The last step in gene expression pre-processing is gene expression normalization. We will also remove lowly expressed genes accross all the samples. Q1: Of all genes considered, which have lower expression levels, protein-coding or lincRNA? Q2: Why do we need gene expression to be normal? Q3: How would you check that quantile normalization worked? Q4: and that gene expression of a gene follows a normal distribution?

# Run gene expression normalization (quantile normalization + gene expression to normal distribution)
# Filter out genes with less than 0.1 RPKM in 50% of the samples
normalize.R -i tmp/genes.chr22.rpkm.bed -o tmp/genes.chr22.norm.bed

# Compress and index the final gene expression file
bgzip tmp/genes.chr22.norm.bed
tabix -p bed tmp/genes.chr22.norm.bed.gz
mv tmp/genes.chr22.norm.bed.gz* input/processed

Task 5: Check that normalization worked! Hint: Plot the distribution of the values in rows (genes) and columns (samples). Compare the plots before and after normalization. Q1: What can you see?

# Before:
# That one is yours ;)

# After:
check.norm.R -i input/processed/genes.chr22.norm.bed.gz -o result/plots/check.norm.pdf

1.3. Covariates

In eQTL mapping and other linear regression analyses, it is common to remove the effect of variables (either numerical or categorical) that are not of interest or that may be potential confounding factors, including them as covariates in the model. Usual covariates are gender, age, batch effects...

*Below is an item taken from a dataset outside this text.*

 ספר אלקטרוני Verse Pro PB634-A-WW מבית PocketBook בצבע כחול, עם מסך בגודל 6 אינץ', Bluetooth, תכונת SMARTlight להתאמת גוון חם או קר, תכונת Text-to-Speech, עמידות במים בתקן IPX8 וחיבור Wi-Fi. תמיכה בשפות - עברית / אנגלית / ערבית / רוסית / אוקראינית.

Task 6: Review the genotype and gene expression metadata to identify potential covariates for your analysis. Q1: Which ones would you select? Hint: Maybe you find useful this small oneliner:

head -1 <file> | awk 'BEGIN{FS=OFS="\t"}{for (i=1;i<=NF;i++) {print i, $i}}'
# 1 <field1>
# 2 <field2>
# [...]

Principal Component Analysis (PCA) is a useful technique to visualize high-dimensional data (such as our gene expression or genotype matrices), and can help us to identify outlier samples or groups of samples with similar patterns of expression or genotypes.

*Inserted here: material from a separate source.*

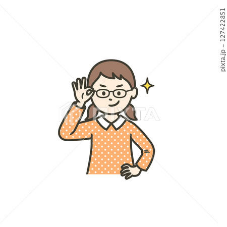 眼鏡を上げてニヤリと笑い自信を見せる女の子

Task 7: Let's use the pca tool in QTLtools to obtain PCs of our expression and genotype data. Q1: What do the parameters employed mean? Q2: Which information do the output files contain? Hint: Review QTLtools documentation.

# Expression PCA
QTLtools pca --bed input/processed/genes.chr22.norm.bed.gz --scale --center --out result/expression 

# Genotypes PCA
QTLtools pca --vcf input/processed/genotypes.chr22.vcf.gz --scale --center --maf 0.05 --distance 50000 --out result/genotypes

Now let's plot the first two PCs in each case:

# Note the input should coincide with the output of QTLtools pca on each case
pcaPlot.R -i result/expression -o result/plots/expression.pca.pdf
pcaPlot.R -i result/genotypes -o result/plots/genotypes.pca.pdf

Q3: What can you observe in the plots?

You can color the samples by the different values of a field in the corresponding metadata. For example, let's plot the first two genotype PCs and color the points by the super_pop field. Try other combinations! Q4: With this information, which covariates seem more relevant to explain the variability in the data?

pcaPlot.R -i result/genotypes --metadata input/unprocessed/1000g/1000g.phase3_metadata.txt --color super_pop --out result/plots/genotypes.pca.super_pop.pdf

We can also try to determine which fraction of the total variance in the expression data is explained by each potential covariate:

# Generate a common metadata with info about the population, gender and laboratory.
join -j 1 -t $'\t' <(sort -k1,1 input/unprocessed/1000g/1000g.phase3_metadata.txt) <(cut -f1,20 input/unprocessed/geuvadis/geuvadis.metadata.txt | sort -k1,1 | uniq) > tmp/metadata.txt

# Set names for the new metadata
sed -i '1s/^/sampleID\tpop\tsuper_pop\tgender\tlab\n/' tmp/metadata.txt

# Build a linear model and plot the contribution of each factor in the metadata to the total variance
var_partition.R -i input/processed/genes.chr22.norm.bed.gz -m tmp/metadata.txt --formula "~ (1|gender) + (1|pop) + (1|lab)" -o result/plots/vp.pdf

Q5: Which are the factors that explain more variance?

It may also happen that the metadata does not give us much information, or even that we do not have metadata at all! In these cases, it is usual to infer hidden covariates ussing techniques such as PEER or PCA itself.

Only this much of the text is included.